Work through the listing below and give again exactly the lines from the one with "2PC Pinecone Shaped" to the one with "We wtorek (30.12)", both ends included. All other lines and all pictures stay out.

*** SOURCE MATERIAL ***

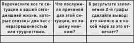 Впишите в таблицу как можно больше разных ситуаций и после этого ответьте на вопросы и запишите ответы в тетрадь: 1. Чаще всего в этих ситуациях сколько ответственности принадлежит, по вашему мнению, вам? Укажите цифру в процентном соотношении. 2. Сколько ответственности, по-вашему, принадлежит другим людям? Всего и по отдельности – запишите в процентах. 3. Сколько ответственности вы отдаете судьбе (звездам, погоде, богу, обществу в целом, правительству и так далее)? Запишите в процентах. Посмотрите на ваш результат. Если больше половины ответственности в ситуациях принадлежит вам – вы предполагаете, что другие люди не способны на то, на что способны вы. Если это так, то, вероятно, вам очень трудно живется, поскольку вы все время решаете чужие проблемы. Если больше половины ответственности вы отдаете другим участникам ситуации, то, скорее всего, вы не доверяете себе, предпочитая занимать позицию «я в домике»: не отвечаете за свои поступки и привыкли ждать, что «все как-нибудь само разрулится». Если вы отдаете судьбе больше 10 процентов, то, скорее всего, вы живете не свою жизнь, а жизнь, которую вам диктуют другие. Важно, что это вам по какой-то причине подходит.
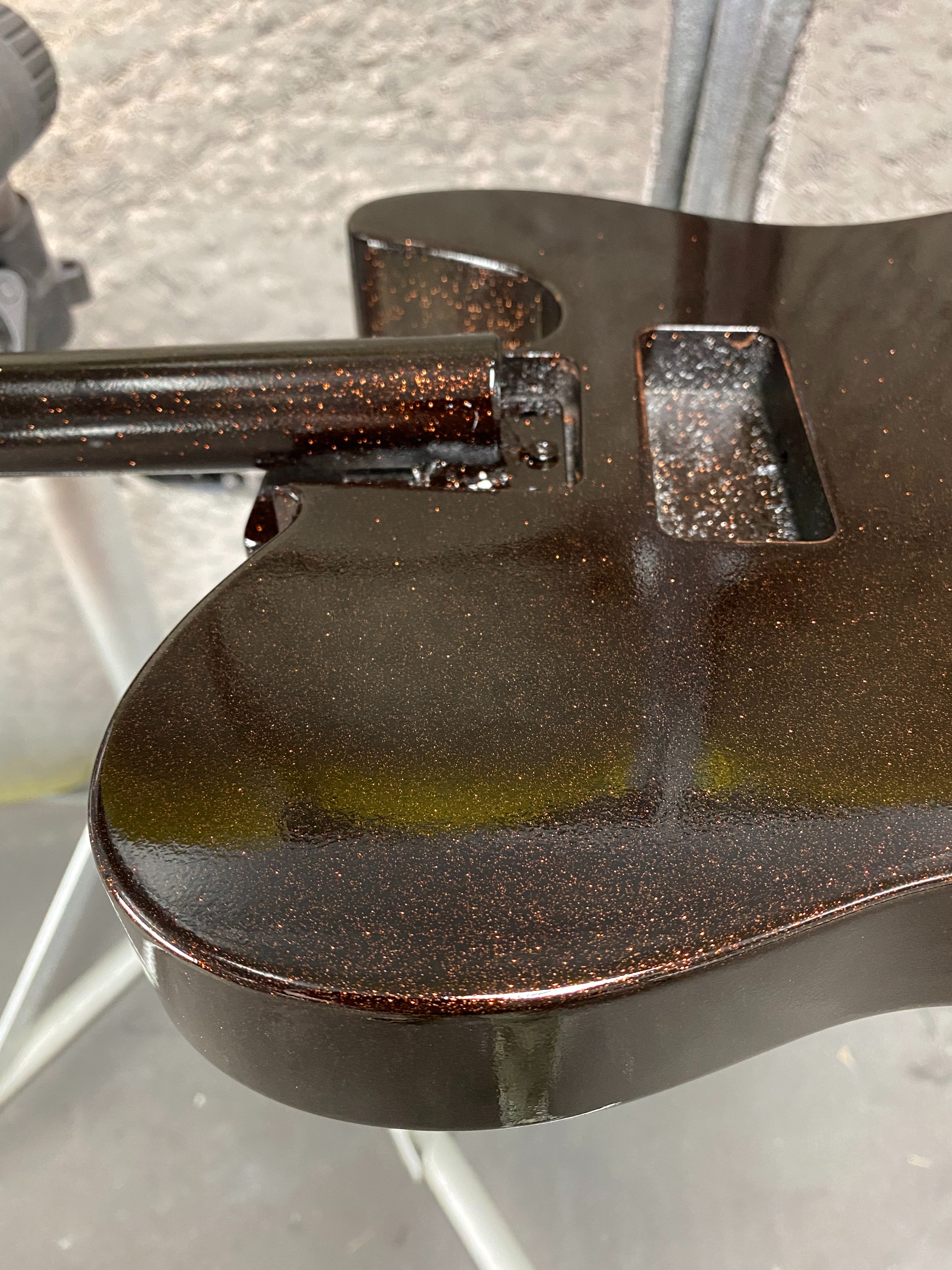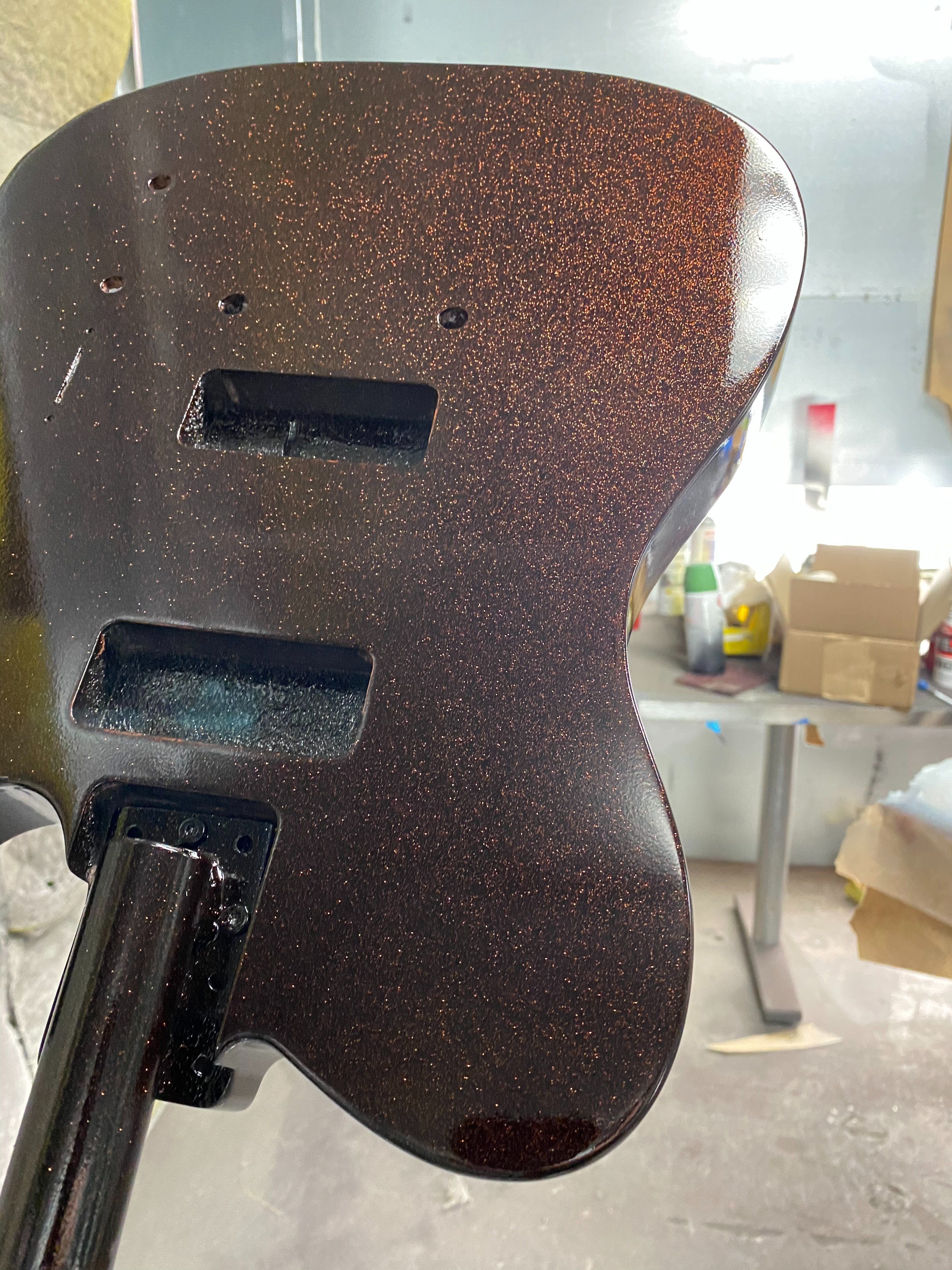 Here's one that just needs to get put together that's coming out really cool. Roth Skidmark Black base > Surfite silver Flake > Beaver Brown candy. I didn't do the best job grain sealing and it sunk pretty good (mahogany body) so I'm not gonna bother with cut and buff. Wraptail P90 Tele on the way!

***
*** SOURCE MATERIAL ***

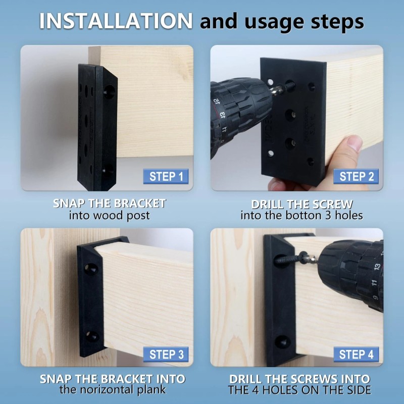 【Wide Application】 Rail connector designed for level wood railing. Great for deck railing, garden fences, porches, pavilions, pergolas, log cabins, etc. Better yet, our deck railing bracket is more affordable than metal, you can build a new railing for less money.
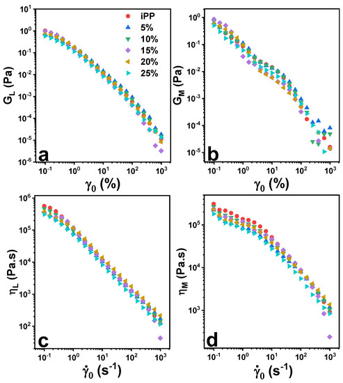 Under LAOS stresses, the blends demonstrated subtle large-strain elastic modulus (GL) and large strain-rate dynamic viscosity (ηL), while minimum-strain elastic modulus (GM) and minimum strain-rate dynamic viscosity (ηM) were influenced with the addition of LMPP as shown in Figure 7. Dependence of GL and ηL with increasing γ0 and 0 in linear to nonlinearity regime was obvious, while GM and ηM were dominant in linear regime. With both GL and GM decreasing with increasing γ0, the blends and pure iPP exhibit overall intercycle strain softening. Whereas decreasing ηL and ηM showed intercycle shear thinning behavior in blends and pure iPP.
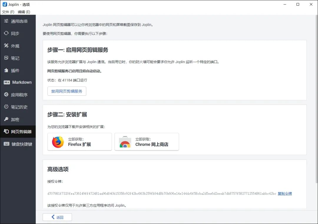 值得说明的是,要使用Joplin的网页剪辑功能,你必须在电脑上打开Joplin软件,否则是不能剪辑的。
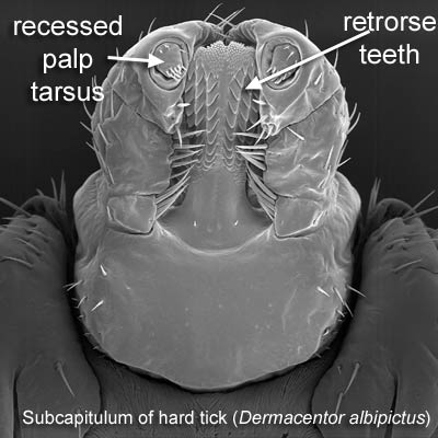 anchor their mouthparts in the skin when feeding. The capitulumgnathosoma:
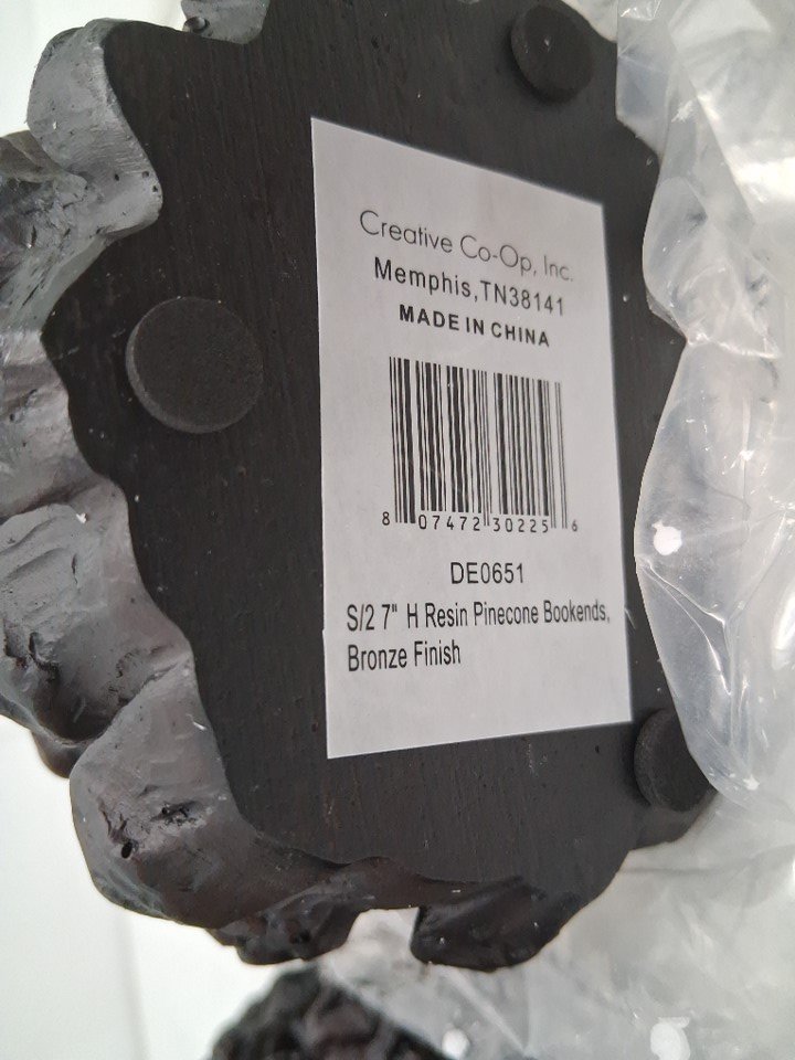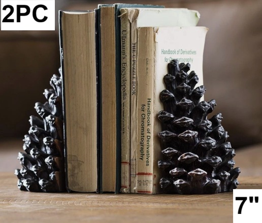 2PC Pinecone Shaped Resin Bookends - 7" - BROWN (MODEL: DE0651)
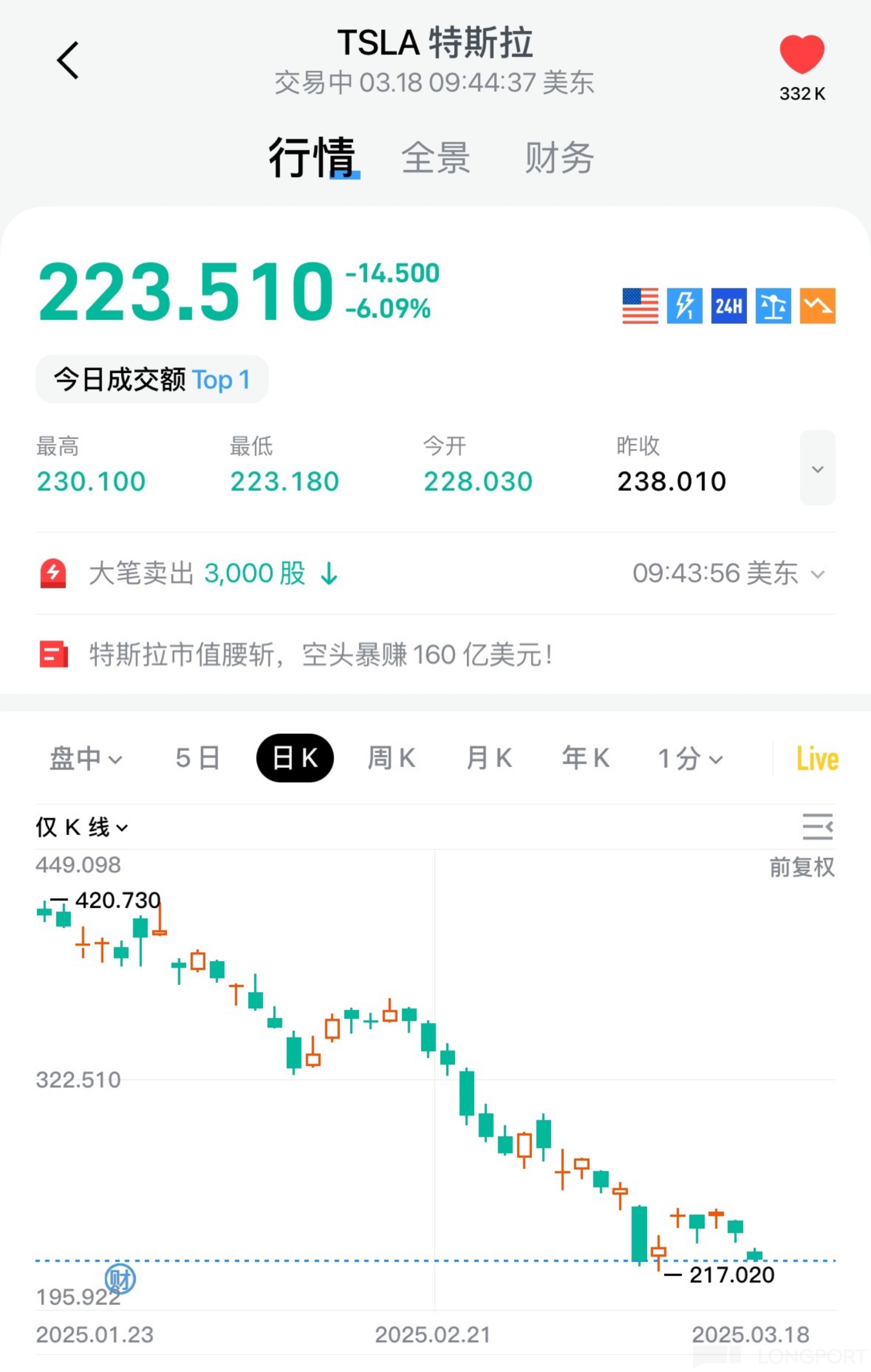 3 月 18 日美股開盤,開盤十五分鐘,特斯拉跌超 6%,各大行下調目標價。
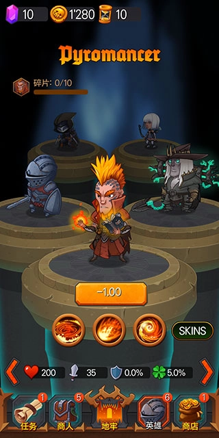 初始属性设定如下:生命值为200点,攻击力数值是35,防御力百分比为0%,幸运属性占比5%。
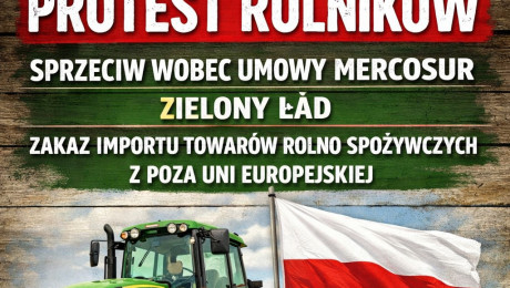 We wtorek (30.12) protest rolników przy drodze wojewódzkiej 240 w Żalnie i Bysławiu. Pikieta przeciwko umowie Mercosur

***
*** SOURCE MATERIAL ***

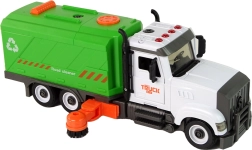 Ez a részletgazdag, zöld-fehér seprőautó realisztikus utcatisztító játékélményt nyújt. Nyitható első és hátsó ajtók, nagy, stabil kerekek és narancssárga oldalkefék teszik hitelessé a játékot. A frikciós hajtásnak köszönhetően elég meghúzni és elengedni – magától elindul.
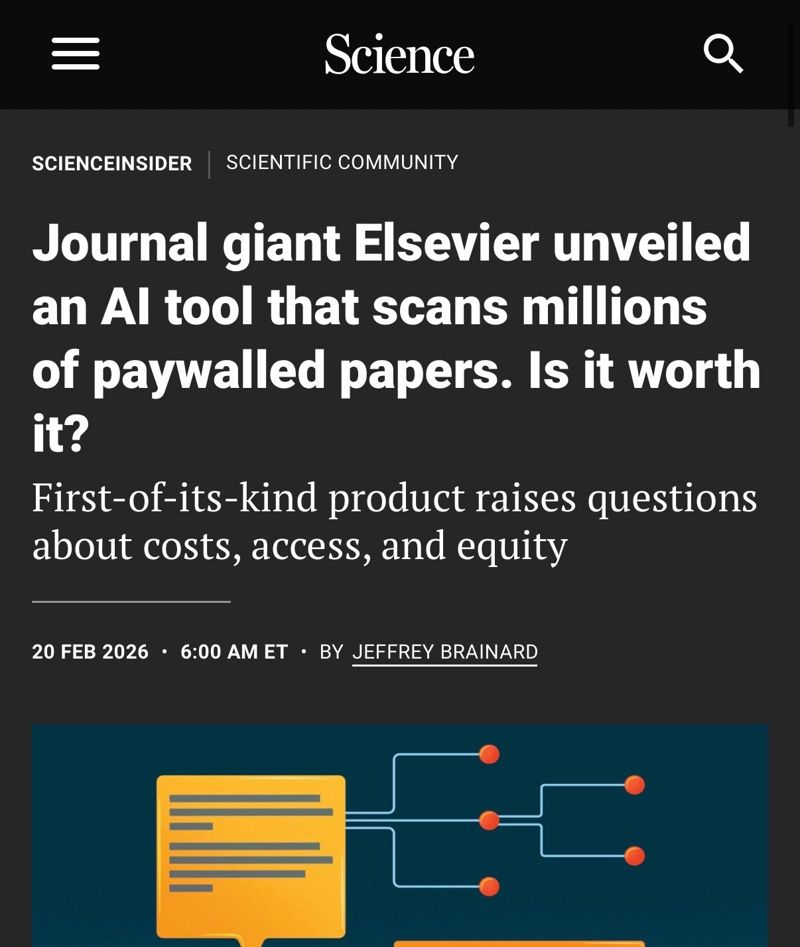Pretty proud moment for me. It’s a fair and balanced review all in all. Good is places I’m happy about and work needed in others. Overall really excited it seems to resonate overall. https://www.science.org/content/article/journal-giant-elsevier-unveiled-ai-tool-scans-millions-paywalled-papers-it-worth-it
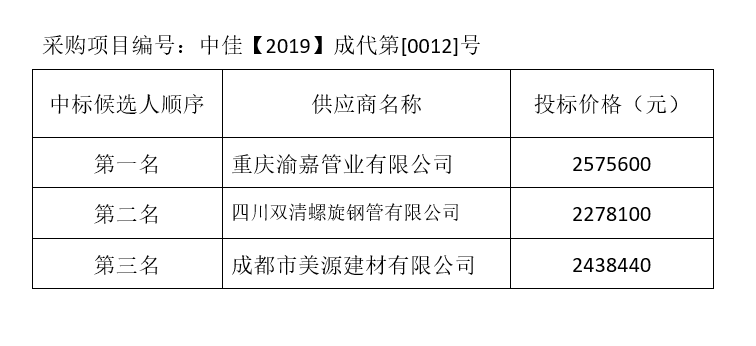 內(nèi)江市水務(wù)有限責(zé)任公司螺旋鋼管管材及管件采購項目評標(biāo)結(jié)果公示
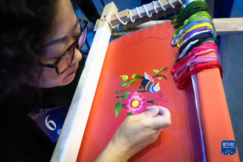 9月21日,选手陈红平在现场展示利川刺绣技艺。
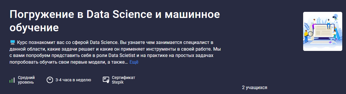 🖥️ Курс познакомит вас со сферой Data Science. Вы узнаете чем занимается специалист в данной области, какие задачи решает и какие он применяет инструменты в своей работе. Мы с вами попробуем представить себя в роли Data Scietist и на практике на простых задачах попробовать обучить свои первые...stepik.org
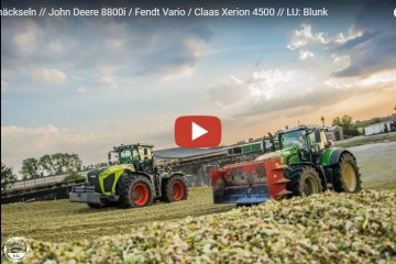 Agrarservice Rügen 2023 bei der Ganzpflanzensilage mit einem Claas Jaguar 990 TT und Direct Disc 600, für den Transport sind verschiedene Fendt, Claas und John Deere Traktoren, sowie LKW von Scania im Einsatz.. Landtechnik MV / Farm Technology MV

***

▶ [TASK OUTPUT]
 2PC Pinecone Shaped Resin Bookends - 7" - BROWN (MODEL: DE0651)
 3 月 18 日美股開盤,開盤十五分鐘,特斯拉跌超 6%,各大行下調目標價。
 初始属性设定如下:生命值为200点,攻击力数值是35,防御力百分比为0%,幸运属性占比5%。
 We wtorek (30.12) protest rolników przy drodze wojewódzkiej 240 w Żalnie i Bysławiu. Pikieta przeciwko umowie Mercosur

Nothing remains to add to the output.